▸ EXERCISE OBJECTIVE: Give back exactly the lines of the material below that start at the one holding "厨房整体面积不大,用了一个深" and end at the last line, minus the pictures.

▸ AVAILABLE DATA:

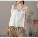 キャミソール レディース トップス カジュアル おしゃれ 中華風 文学 レトロ 綿 リネン 女性 薄手 ベスト 夏 ノースリーブインナー 綿 リネン サスペンダー
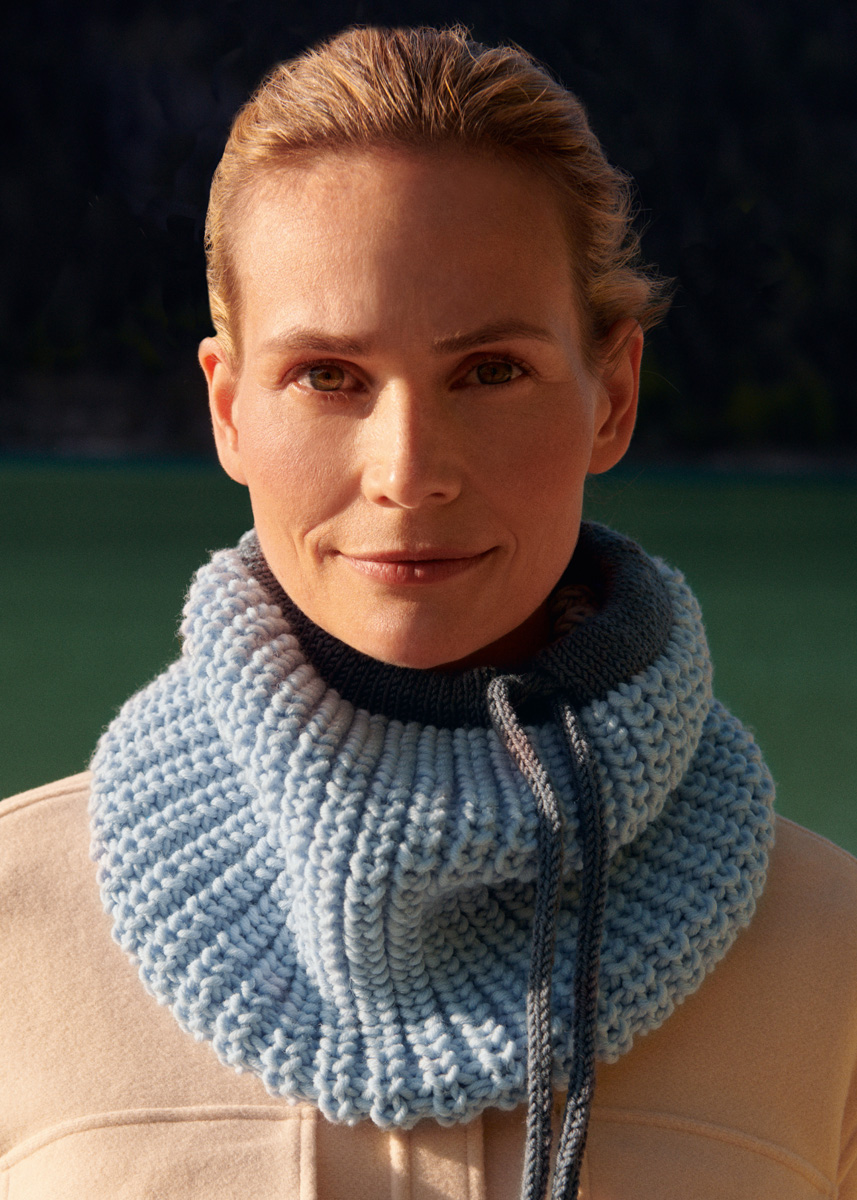 200 g of Lana Grossa Superbingo (100% pure wool; 55 m/50 g) in Light Blue (col 69) and 50 g of Lana Grossa Cool Wool Big (100% pure wool; 120 m/50 g) in Steel Grey (col 981). Size 4 and 6 mm circular needles, each 40 cm long; 2 size 4 mm double-pointed needles [dpns]
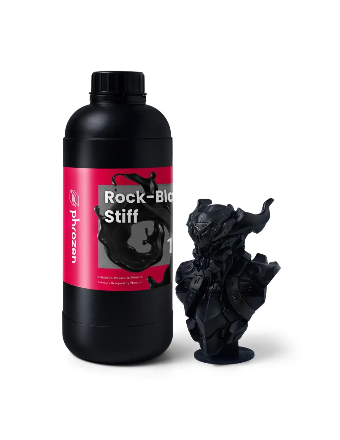 Phrozen Rock-Black Stiff is a photopolymer resin for UV-curing 3D printers (LCD/MSLA) formulated for parts that demand high rigidity, low shrinkage and sustained thermal resistance up to 97 °C. With a hardness of 81 Shore D and an intense black finish, it is the go-to option when a prototype or final part must withstand demanding mechanical and thermal conditions without deforming.
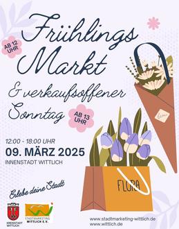 Wir freuen uns auf einen abwechslungsreichen Sonntag voller Einkaufsmöglichkeiten, zufriedene Kunden und Händler und frühlingshafte Schnäppchen in Wittlich. Parken ist auch kein Problem. Wittlich bietet in der Innenstadt über 1500 Parkplätze (Parkplatz Zentrum, Viehmarkt, Kurfürstenplatz und Schlossplatz und Eventum)
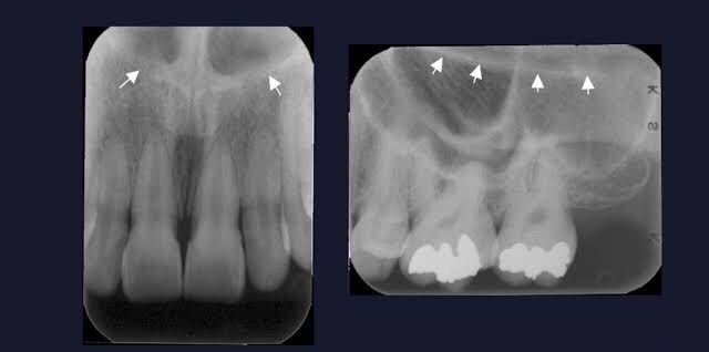 - Inferior concha – Appears as diffuse radiopaque mass within nasal cavity.
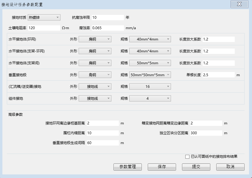 - 接地设计:根据厂区内避让区信息、道路信息等,实现厂区内接地干线、接地支线设计,包含接地环网、阵列-阵列间接地、阵列-环网接地设计,并能完成接地材料规格的腐蚀率和电阻率验算
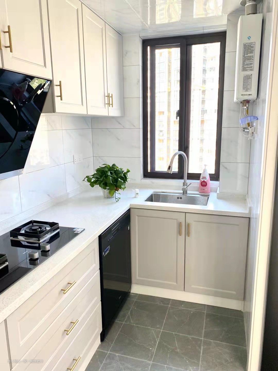 厨房整体面积不大,用了一个深色一点的地板,耐脏又好看,整体用的橱柜还是偏白色,干净明亮。厨房用了一个推拉门隔开,隔绝了油烟和水气。
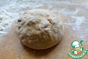 Замесить дрожжевое тесто, в зависимости от качества и плотности муки, ее может понадобится больше или меньше, в тесте равномерно распределить сухофрукты;
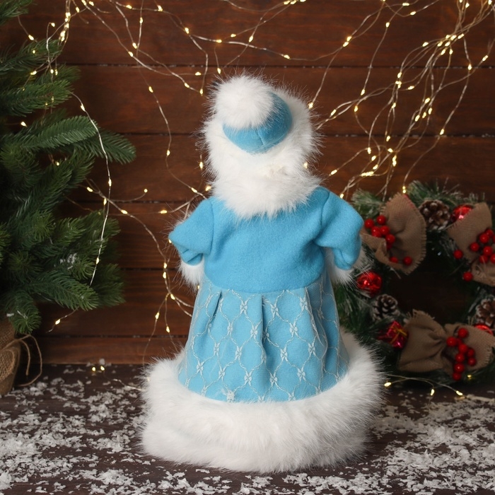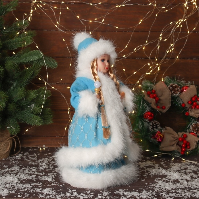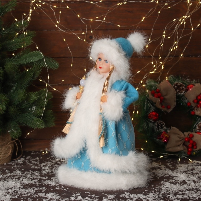 Снегурочка "В пушистой шубке, с фонариком" двигается, с подсветкой, 40х20 см, голубой
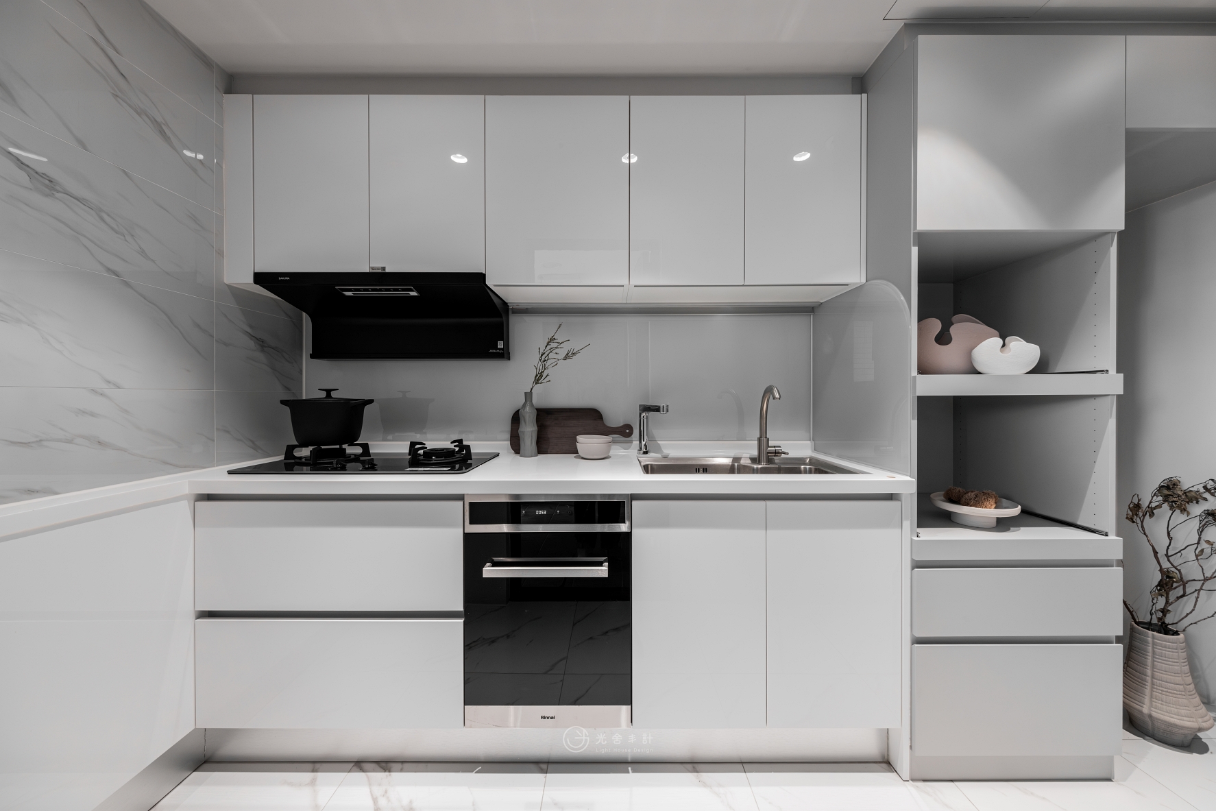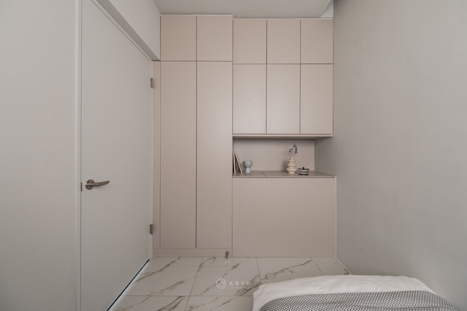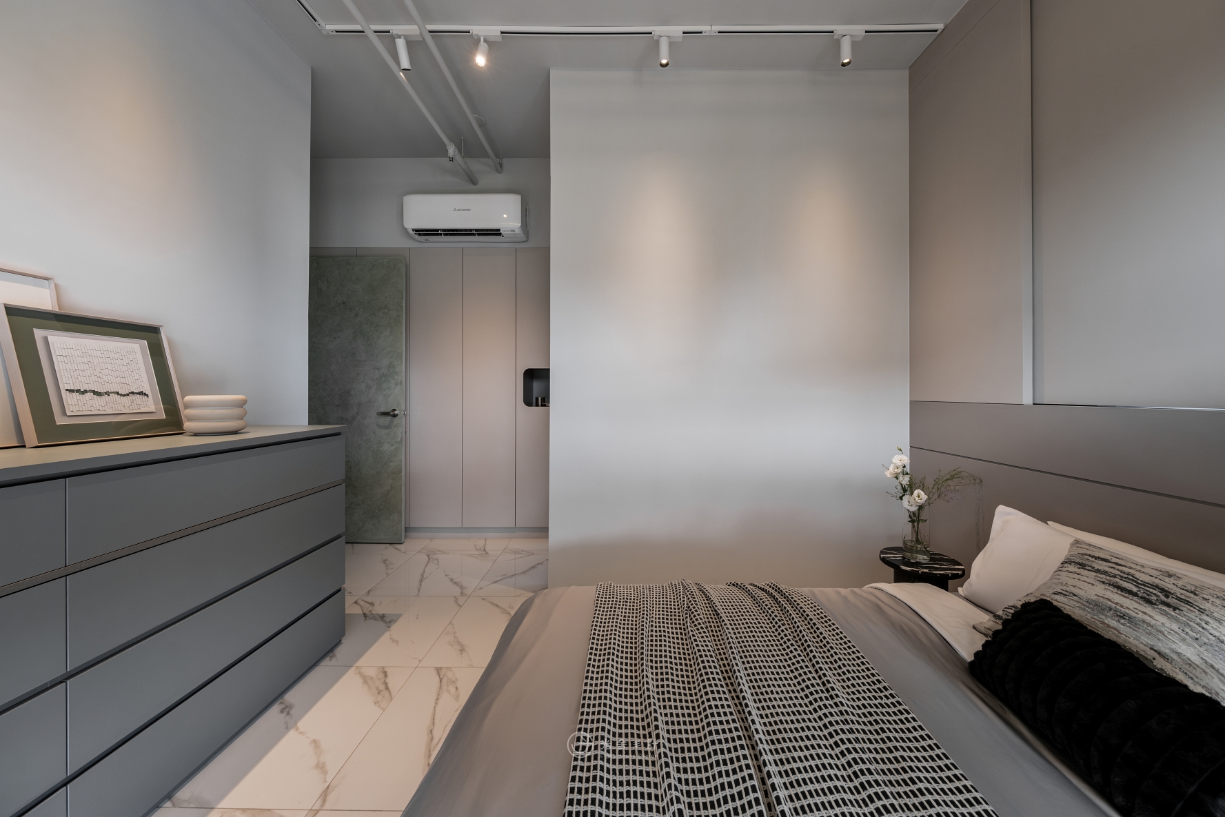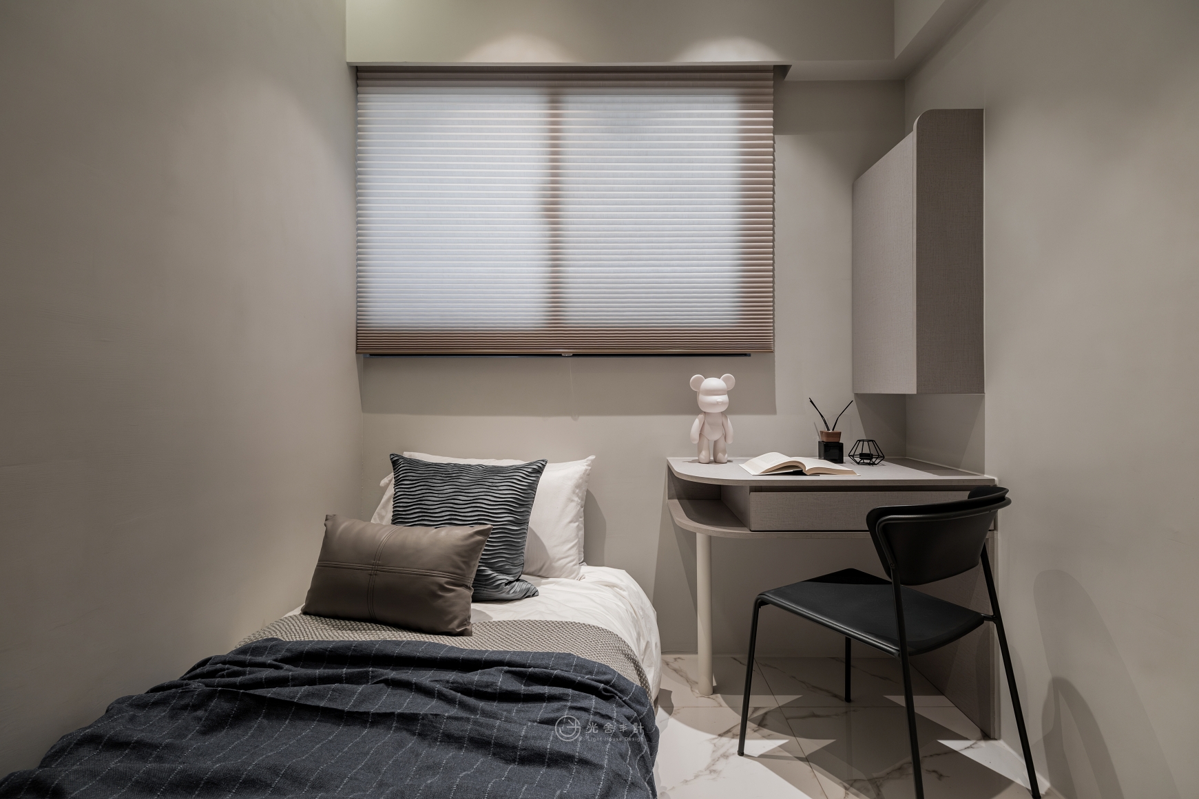 拋光的石紋地磚,與細雨般內斂的霧灰揉合,

▸ RESPONSE AREA:
 厨房整体面积不大,用了一个深色一点的地板,耐脏又好看,整体用的橱柜还是偏白色,干净明亮。厨房用了一个推拉门隔开,隔绝了油烟和水气。
 Замесить дрожжевое тесто, в зависимости от качества и плотности муки, ее может понадобится больше или меньше, в тесте равномерно распределить сухофрукты;
 Снегурочка "В пушистой шубке, с фонариком" двигается, с подсветкой, 40х20 см, голубой
 拋光的石紋地磚,與細雨般內斂的霧灰揉合,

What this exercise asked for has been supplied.